As published in The Providence Sunday Journal, January 19, 2020. Above: Passenger manifest from the S.S. Romanic, which lists the author’s great-grandmother, Grazia Di Maio Pantalone, and four of her children.
The document announces its purpose in capital letters, accentuating a tone of authority: “LIST OR MANIFEST OF ALIEN PASSENGERS FOR THE UNITED STATES IMMIGRATIONS OFFICER AT PORT OF ARRIVAL.” A moment is frozen in time: the S.S. Romanic embarking from Naples, Italy for America on June 26, 1907.
So much for my vague “they came over on the boat” summations about my mother’s side of the family. The digitized manifest – Form 500 B from the United States Immigration Service – offers vivid details from a long-ago odyssey. At my computer, I zoom in on the names of Grazia Di Maio and Giuseppina, Vincenzo, Gerardo, and Filomena Pantalone, recorded with a fountain pen’s flourish on lines 17 to 21.
At first, my great-grandmother’s surname confuses me. Why isn’t she a Pantalone, like her children? Then I learn that, by law and to this day, Italian women keep their maiden name and have the option of adding their husband’s surname if they so choose.

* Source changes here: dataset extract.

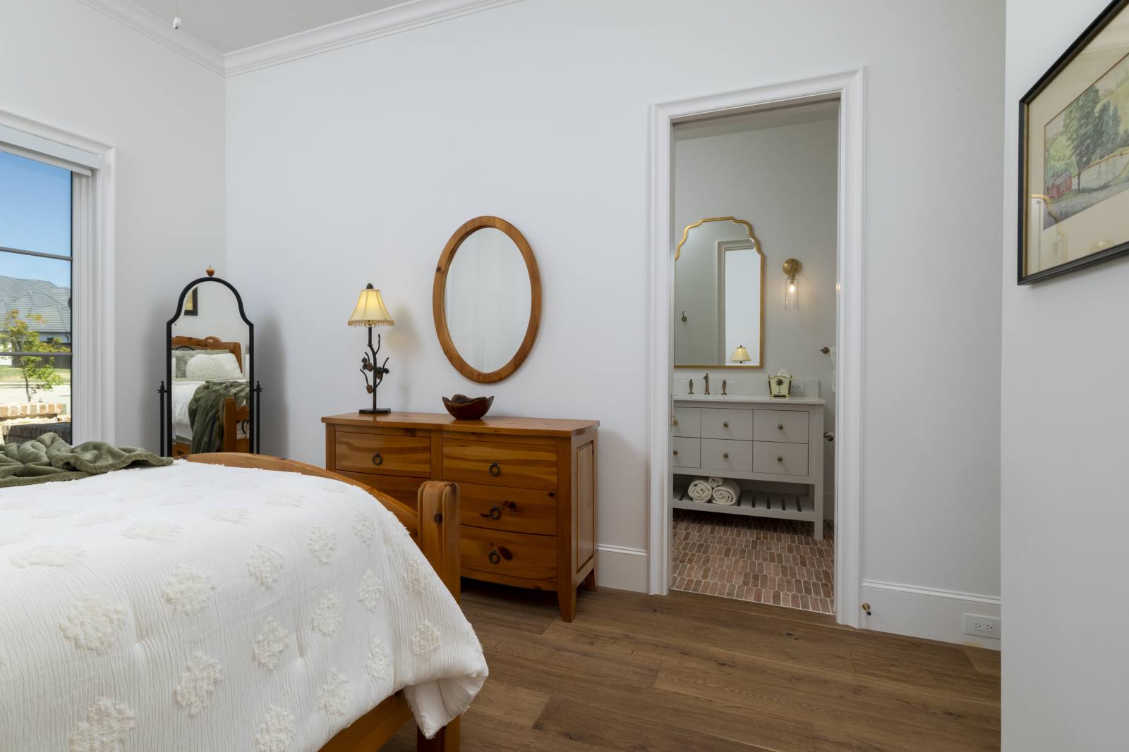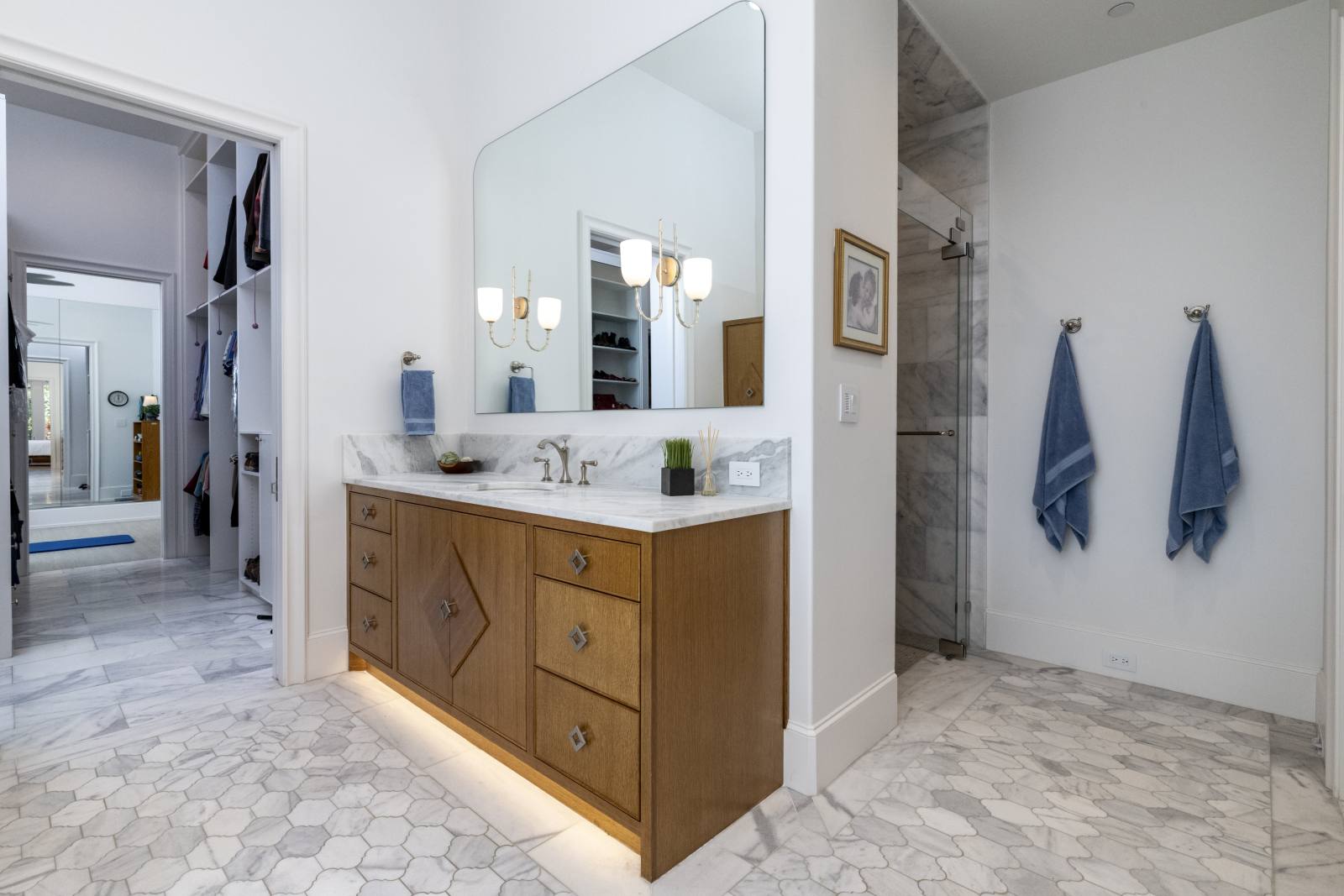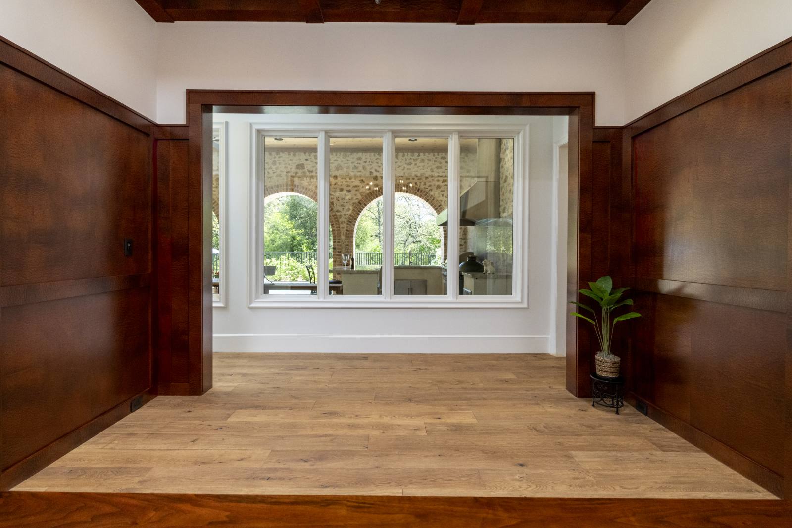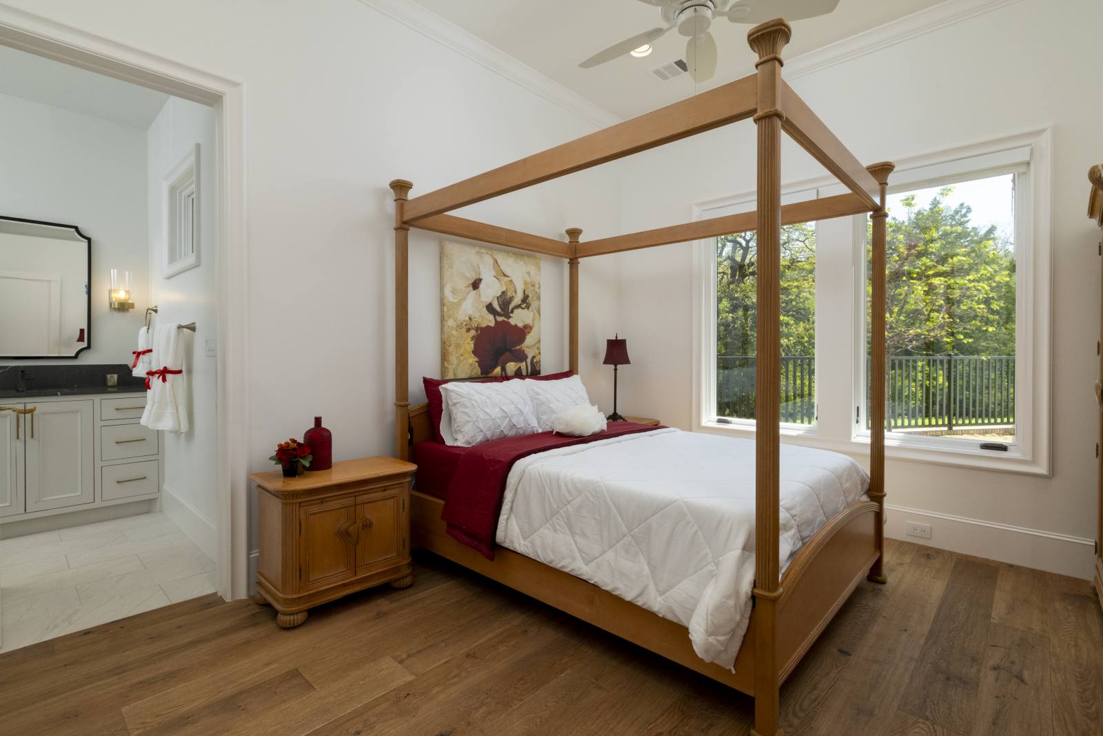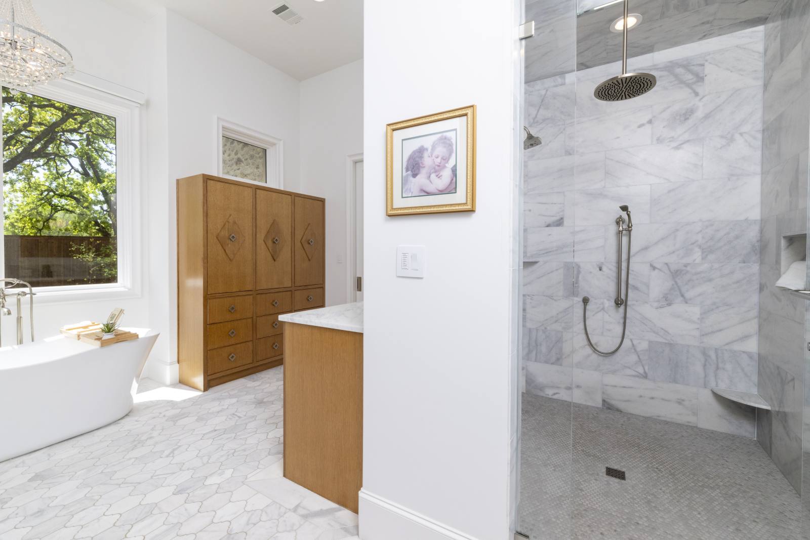 Nestled in the prestigious gated community of Stony Brook, this custom SCH award-winning Mediterranean estate offers 4,501 square feet of refined living space in a serene cul-de-sac backing to a greenbelt with no neighbors on one side. Designed for both elegance and comfort, the home features soaring ceilings, hand-scraped hardwood floors in living areas, and tile finishes throughout each of the six bathrooms. Four spacious bedrooms each include an ensuite bath, while a thoughtfully designed fourth garage bay with full bath accommodates an RV or flexible use. The open-concept kitchen and living area is the heart of the home, anchored by a large center island with breakfast bar and hidden storage. Culinary enthusiasts will appreciate the 7-burner gas cooktop, vent hood, built-in counter-depth refrigerator, and dishwasher. A separate prep kitchen with pantry, double Wolf ovens, microwave, and warming drawer ensures effortless entertaining. The formal dining room provides an elegant setting for gatherings, while the eat-in area overlooks the private backyard oasis. Outdoor living is elevated with a heated pool (with cover), heated spa, and tranquil water feature. The covered patio includes a fully equipped outdoor kitchen with commercial vent hood over the gas grill, complemented by a fire pit and convenient half bath. Modern amenities include owned solar panels with a 25-year transferable warranty and a smart home system controlling lighting, sound, security, fire suppression, and climate. The extra-deep three-car garage offers two prewired EV charging ports, while the fourth bay is designed for RV storage. Zoned for Keller ISD with open enrollment for Carroll ISD, this home combines award-winning craftsmanship, advanced technology, and resort-style amenities in one of the area’s most desirable communities. A rare opportunity to experience luxury, privacy, and convenience in perfect harmony.

Other surnames on the manifest echo those of my grade-school classmates who, like me, were part of the 20th-century Italian diaspora in Rhode Island: Lancellotti and Lauro, Spaziano and Santoro.
The columns to the right of each name add more color, including age – my grandfather, Vincenzo, was 9 – gender, marital status, ability to read or write, and nationality. All passengers were citizens of Italy, with the further distinction of being “Italian South,” as noted under a separate column entitled “Race or People.” A footnote explains that race “is to be determined by the stock from which aliens sprang and the language they speak.”
According to the U.S. Bureau of the Census, more Italians immigrated to the United States in 1907 than in any other year – 285,731 men, women, and children made the trek, which usually lasted around 10 days, depending on sea conditions.
To my great-grandmother’s dismay, the number of travelers on the S.S. Romanic was reduced by one when her 8-year-old daughter was not allowed to board due to an eye infection. Close inspection of the manifest reveals a check mark before the name of every passenger – except that of Filomena Pantalone! The child, my eventual great-aunt, remained in Italy with her grandparents and would arrive in America on a later passage. One can only imagine the heartbreak she felt, along with her mother and siblings, after such a gut-wrenching separation.
Another column in the manifest requests “the name and complete address of the nearest relative or friend in country whence alien came.” Francesco Di Maio of Teano is identified as the father of Grazia and grandfather of her children.
The last column indicates each immigrant’s final destination. Some were heading to Newark, New Jersey; some to Lawrence, Massachusetts; and some, like my intrepid great-grandmother and three of her children, to Providence, Rhode Island. Once there, they would reunite with Grazia’s husband, Giovanni (my great-grandfather), and oldest child, Mary, father and daughter having settled on Federal Hill the previous year.
Seven decades later, my brothers and I came to work for a wise and wisecracking entrepreneur on the Hill whose family had also immigrated to Rhode Island from Italy. Tommy stripped these trans-Atlantic voyages of any romance: “Who picks up their entire family and leaves everything behind to bob seasick in the ocean for more than a week and then land in a place where you don’t speak the language and aren’t entirely welcome?” He stabbed his Marlboro into an ashtray for emphasis. “You’d have to be pretty desperate, right?”
Language aside, it was likely the same for the Walsh side of my family – desperation born of the Irish Famine, perhaps? The story of America is written in countless chapters like ours.
I keep a printed copy of the manifest from my Italian forebears’ passage to the United States in a file along with my birth certificate.
It helps me remember where I came from.